I would go 3/8 with that setup. You could even go 1/2 scales if you planned on doing a lot of shaping and contouring after the cutout.

Anything over 1 inch total thickness is going to be too much to handle. 3/4 is very comfy.


----------



## Imperial (Feb 9, 2011)

1willi4 said:


> How thick should the wood scales be?


whatever your grip is comfortable with .


----------



## Crac (Mar 3, 2013)

LVO said:


> I think 1/8 or 3/16 would be more than sufficient.


...

Rectangular Plate Spring Design: or How to select the thickness for a board cut... (For dummies?)

(Formula taken from Machinery's Handbook 27th Edition)

Thickness = [ 6 * Length of Fork * Draw Force / ( Fork Width * Yield Stress ) ]^(1/2)

The "Thickness" is the gauge of the material or length of the fork front to back.

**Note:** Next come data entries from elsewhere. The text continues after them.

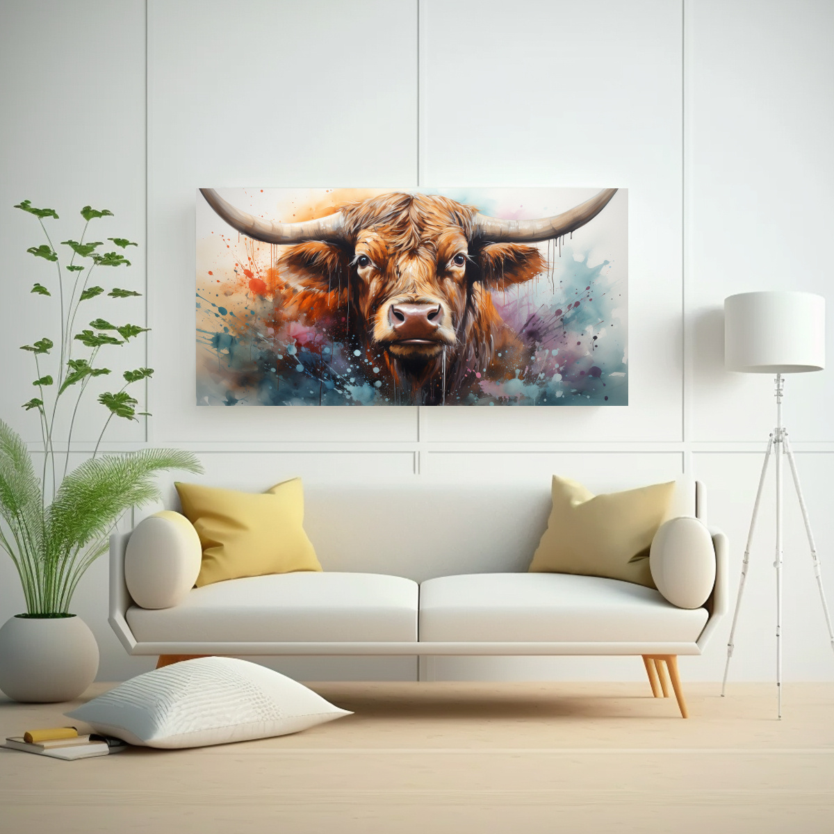 Cuadro Composición Mágico Vaca Longhorn Acuarelas Coloridas Arte Pintura
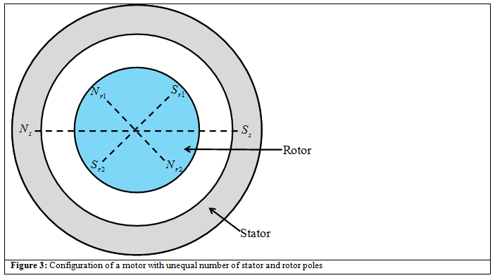 Now consider the pole pairs (Ns, Sr2) and ( Ss, Sr1), the angle between the pole pairs is same. Hence, the force of attraction between Ns and Sr2 is same as the force of repulsion between Ss and Sr1 and thus, the resultant force acting on the rotor is zero. Therefore, in this case no electromagnetic torque is developed.
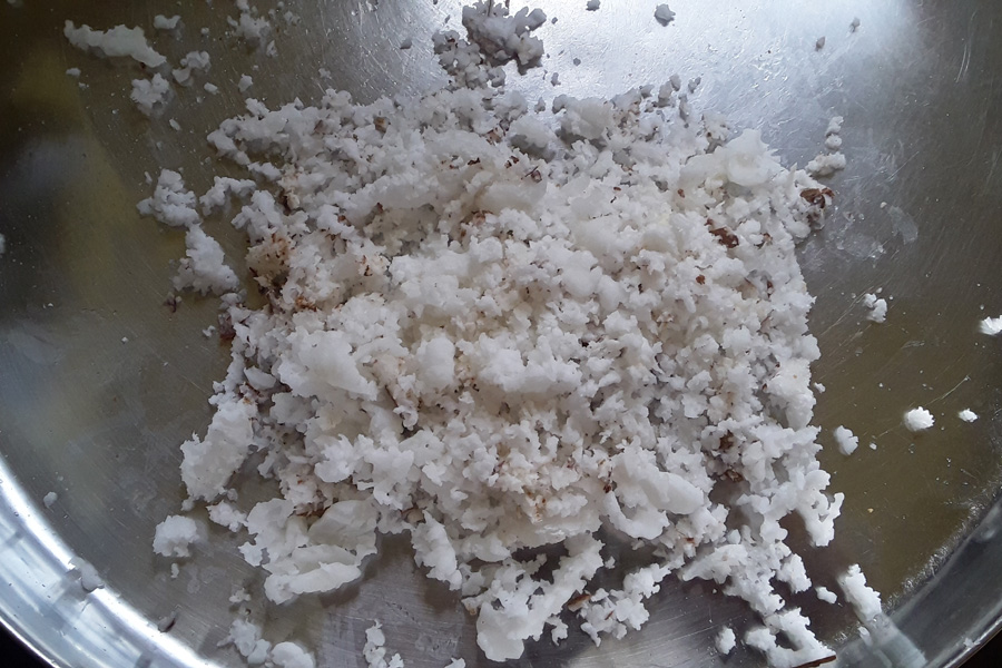 13. Take a fresh coconut and grate it - 2 to 3 tablespoons.
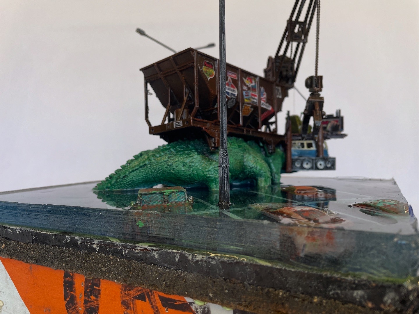 The Gatorverse is a long-term, multi-platform project that merges sculpture, video, installation, and broadcasting to explore the themes of environmental collapse and the consequences of consumerism. It is a speculative world where a dystopian future, born from human consumption, has led to a new evolutionary path: the fusion of machine and reptile.- GATORVERSE NEWSREELS
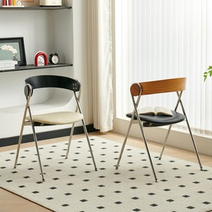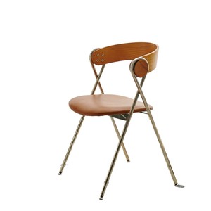 中古实木餐椅不锈钢家用靠背椅复古休闲咖啡厅网红餐厅设计师椅子
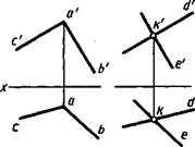 Построение взаимно параллельных прямой линии и плоскости. Известно, что если прямая линия (АВ, рис. 4.14) параллельна прямой KL, лежащей в плоскости, то она параллельна этой плоскости. Для построения прямой, проходящей через заданную точку пространства параллельно заданной плоскости, достаточно провести прямую, параллельную любой прямой, принадлежащей плоскости. При этом возможно бесчисленное множество решений. Дополнительные требования могут обусловить единственное решение. В качестве примера на рисунке 4.15 показано построение проекций прямой линии, проходящей через точку с проекциями к', к, параллельной плоскости треугольника с проекциями a'b'c', аЪс и параллельной плоскости V — дополнительное требование. В плоскости треугольника проведена фронталь с проекциями а'Г, а—1. Проекции искомой прямой проведены через проекции к', к точки параллельно проекциям фрон-тали к'1'\\а'Г, kl\\a-l. Для того чтобы проверить, параллельна ли прямая заданной плоскости, можно попробовать провести в этой плоскости прямую, параллельную заданной. Если такую прямую в плоскости построить не удается, то заданные прямая и плоскость не параллельны между собой. Можно также попытаться найти точку пересечения данной прямой с данной плоскостью. Если такая точка не может быть найдена, то заданные прямая и плоскость взаимно параллельны.
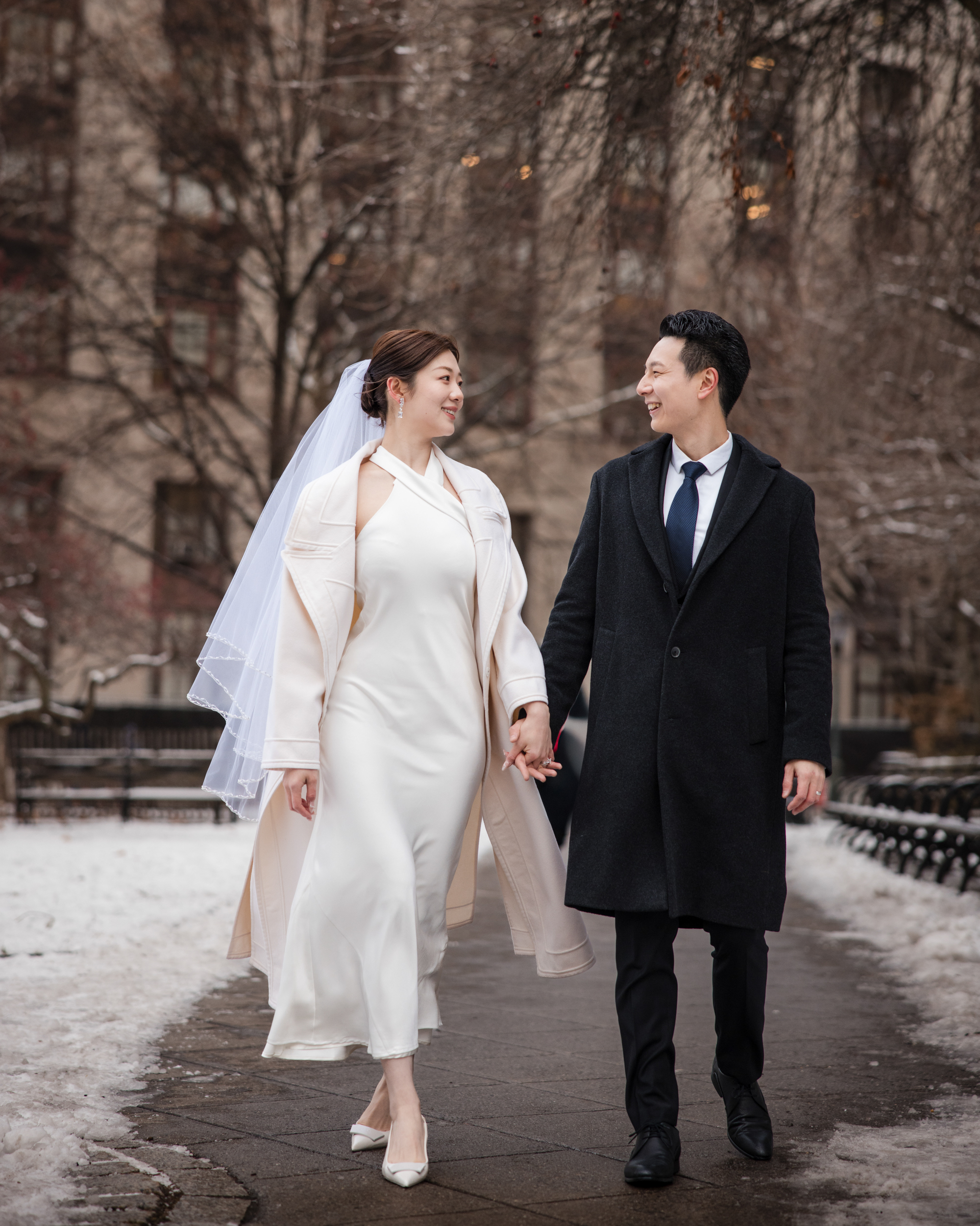A bride and groom walk hand in hand outside on a snowy day, both smiling and dressed in formal wedding attire after taking City Hall subway station wedding photos.

The "Length of Fork" is the distance from the handle to the elastic attachment. (The unsupported length)

The "Draw Force" is the force applied to the individual fork.

The "Fork Width" is the length of the individual fork measured left to right.

The "Yield Stress" is the stress required to permanently bend the material

Example: (ENG/US)

Thickness: Unknown (The usual question...)

Length of Fork: 2.5 inch (the height of my 3 fingers)

Draw Force: 30 lbf (i.e. a total draw of 60 lbf... also known as very high or very safe?)

Fork Width: 5/8 inch (a personal guess)

Yield Stress: 5000 psi (1100-O Aluminium. Figure taken from ASA-MHB-5.)

Thickness = [ 6 * Length of Fork * Draw Force / ( Fork Width * Yield Stress ) ]^(1/2)

Thickness = [ 6 * 2.5 * 30 / ( 5/8 * 5000 ) ]^(1/2)

Thickness = 0.379 inch (9.64mm)

This is my 'start' please continue the good work and kick this around a bit...


----------